▶ [Exercise details]:
Write out the line with "투니스 여성 하이 웨이스트 와이드 데님 팬츠" and every later line through the end of the data below, exactly as given, with no pictures in the copy.

▶ [Data extracts]:
==============================

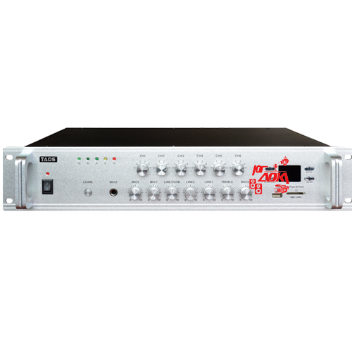 Встроенный Bluetooth, MP3-плеер, разъем USB, слот для SD-карты и FM приемник. Два микрофонных входа, микрофон 1 оснащен функцией отключения звука. Регуляторы высоких и низких частот на выходном канале. Три линейных входа. 6 зональный селектор. 6 отдельных зональных регуляторов громкости. Номинальная выходная мощность: 700 Вт. Частотная характеристика: 60 Гц-16 кГц +/- 2 дБ. THD (общие гармонические искажения): 0,1% (1 кГц 0 дБ). Отношение сигнал/шум микрофон: 66 дБ. Отношение сигнал/шум линия: 102 дБ. Чувствительность микрофонного входа: -50 дБ/600 Ом. Чувствительность линейного входа: -10 дБ/10 кОм. Питание: 220 В /50 Гц. Размер: 480 х 370 х 88мм. Вес: 22 кг.
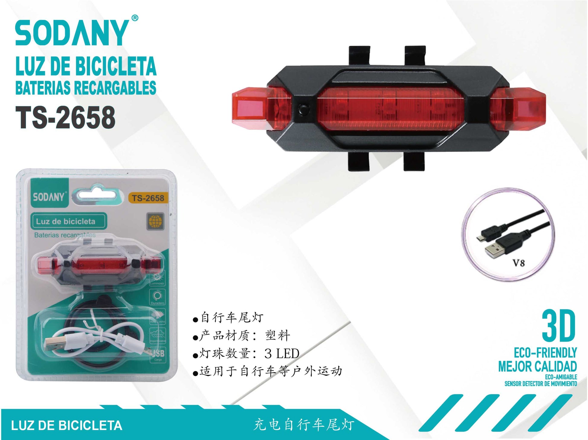 SODANY Luz de Bicicleta Recargable TS-2658
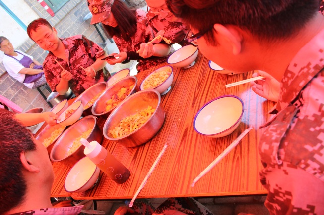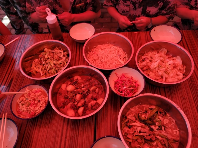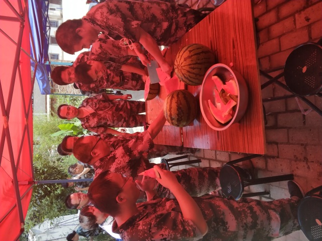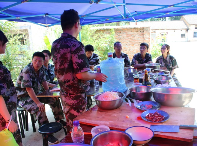 到了中午,我們下廚房自己做飯,有的洗菜,有的切菜,張工、趙部長毫不猶豫的擔任了各自團隊大廚的角色,大家即使已經(jīng)筋疲力盡,但還是沉浸在了烹飪的歡樂當中。
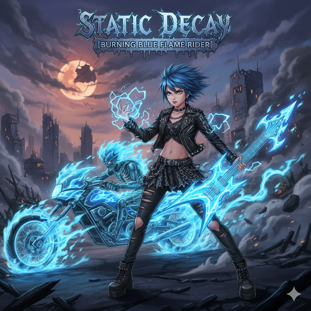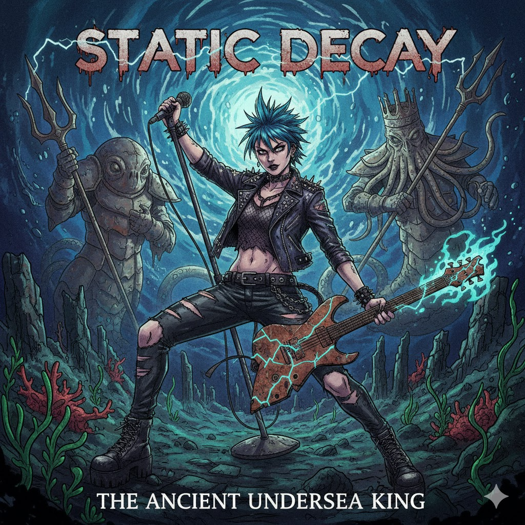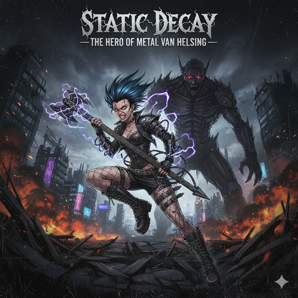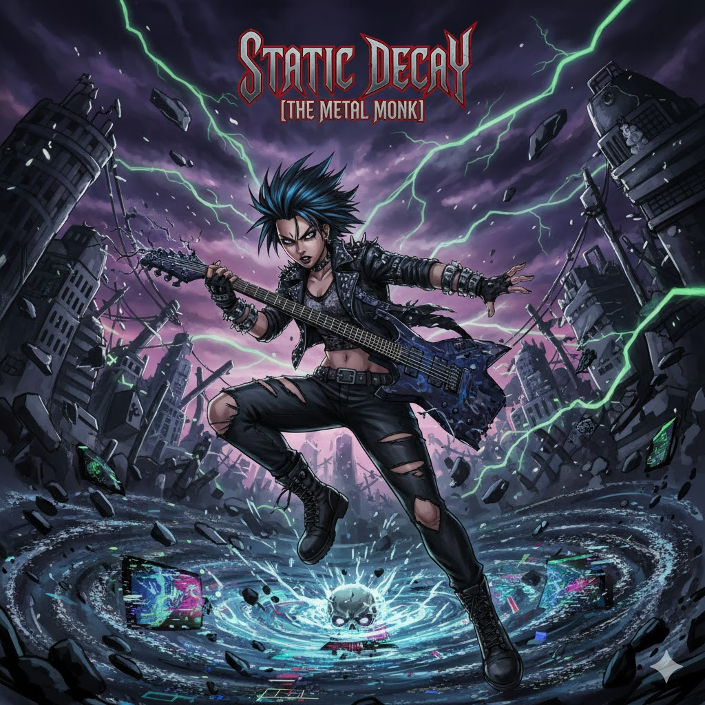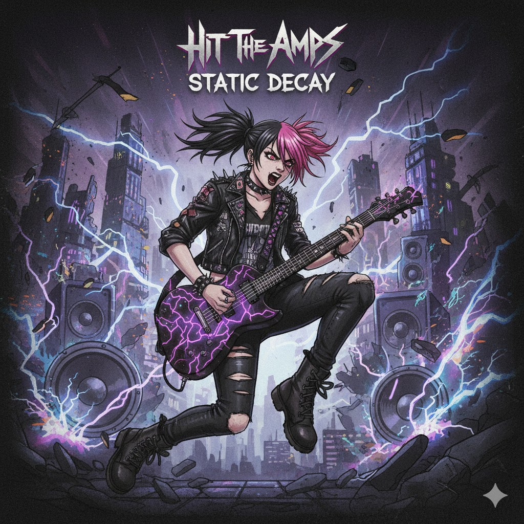 punk/alternative metal, punk guitar solos, Female lead singer only, female vocals ranging from f3 to g5, rage against the machine song vibe, bands name [static decay] before the first verse, punk grit
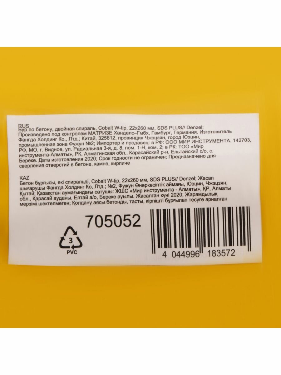 Бур по бетону Denzel двойная спираль, Cobalt W-tip, 22x310 мм, SDS PLUS 705053
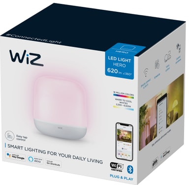 Wiz Hero portabel bordlampe 871951455171800 vil hjelpe deg skape den riktige atmosfæren for alle anledninger. Uansett om du vil våkne opp full av energi eller slappe av har Hero-lampen kontroll takket være forhåndsinnstilte moduser, dynamiske lyseffekter og valget mellom 16 millioner farger. Du kan videre styre lampen uanstrengt kun ved hjelp av smarttelefonen din eller med enkle stemmekommandoer.
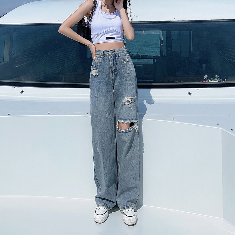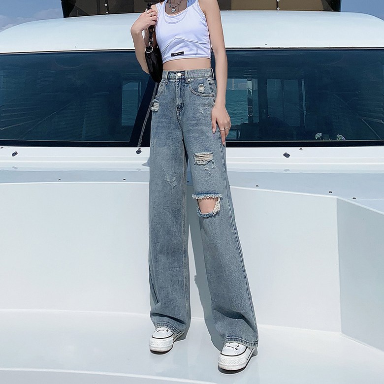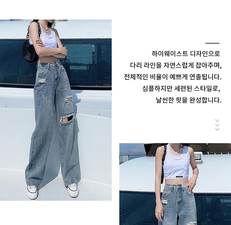 투니스 여성 하이 웨이스트 와이드 데님 팬츠
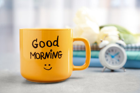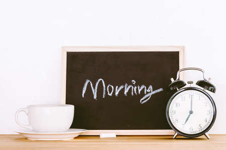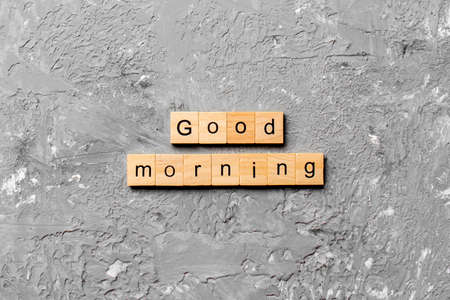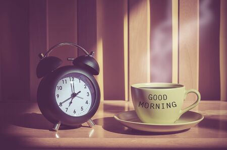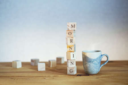 good morning cubic blocks with cup coffee wooden desk. High quality beautiful photo concept

==============================

▶ [Result]:
 투니스 여성 하이 웨이스트 와이드 데님 팬츠
 good morning cubic blocks with cup coffee wooden desk. High quality beautiful photo concept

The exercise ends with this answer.